I hate puns, but this one is good.
>
>
> > With 1 side (but closed, as polygons of 3 or more sides): ???????
>
> > What would it be called? A monogon? A monoangle?
>
> Or a unigon.
Now David, I expect more from you. You've seriously disillusioned me. All
those -agons (not -igons, btw) (except that we don't talk about polyagons,
but I expect that has to do with the vowel that comes built-in when you get
poly-.) are Greek. We don't speak of quadragons or sexagons. (Probably
because it would be so hard to deal with in high school classrooms.) Just
the -ilaterals are Latin, although it seems that there are only one of them.
(Never heard of a octilateral. Sounds like something you should have removed
before it becomes serious.) So your pun has just changed to letting digons
be digons, which loses something somehow.
>
>
> > It wouldn't be a line segment (as the bigon/biangle), because a line
> > segment has 2 vertexes, its endpoints.
> >
> > Calling a line segment a bigon/biangle is a stretch in itself, though I
> > might have seen this before.
Yes, this is a problem--but I think it can be solved by David's method with
the monagon. A line segment doesn't have any vertices, whereas somehow a
monagon has one. (I'm not sure where it is--maybe you have to connect the
monogon to itself, ending up with a circle-like thing, but be sure to put a
kink in it where it connects to itself.

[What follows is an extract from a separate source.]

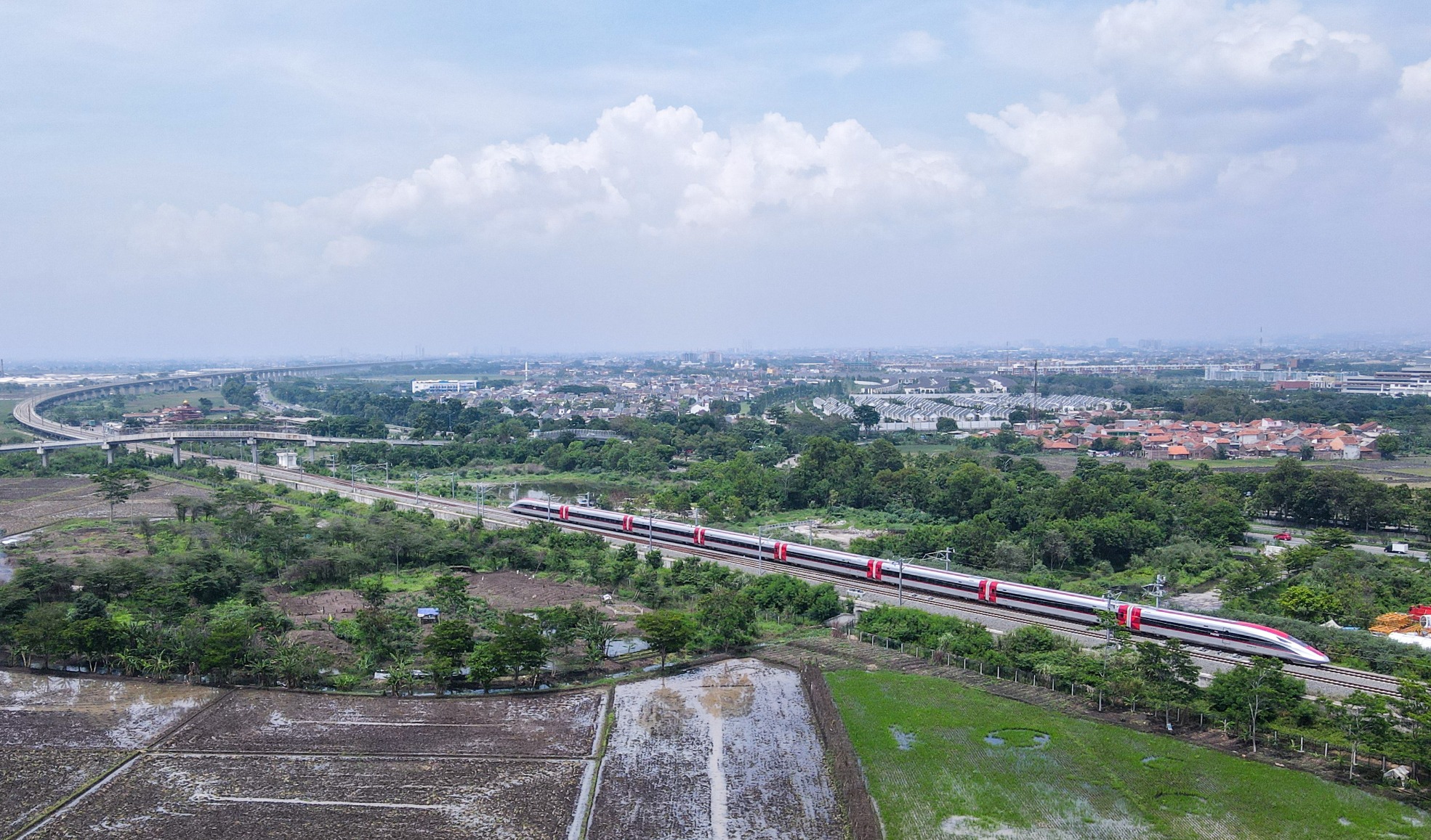 這是2023年12月6日在印度尼西亞萬隆德卡魯爾車站附近拍攝的一列行駛中的雅萬高鐵高速動車組(無人機照片)。新華社記者 徐欽 攝

But a circle-like thing has too much
interior, it's too big, so you can shrink down one of its semi-axes to zero,
and you're back to your monogon. Only this time it clearly has one vertex.)
>
> >
> > And, last question, if a monogon/monoangle is simply a point,
>
> Oh, a unigon is not simply a point, anymore than a bigon is simply a line
> segment! A unigon has a side (albeit of length 0), a simple point doesn't.
Your distinction is a good one. Of course, the difficulty comes when you're
walking down the street on a Tuesday afternoon and run into one of these.
Without the box it came in, you have no way of being able to tell whether it
has a side of length zero or no side at all. Moral: think twice before
throwing away the box.
-Doug Magnoli
[Delete the two and the three for email.]
Paul Hughett
: This question has been inspired more by the poetic half of my brain,
: rather than the mathematical side.
: A polygon with 4 sides: quadrilateral
: A polygon with 3 sides: triangle
: With 2 sides: line segment? (twice drawn)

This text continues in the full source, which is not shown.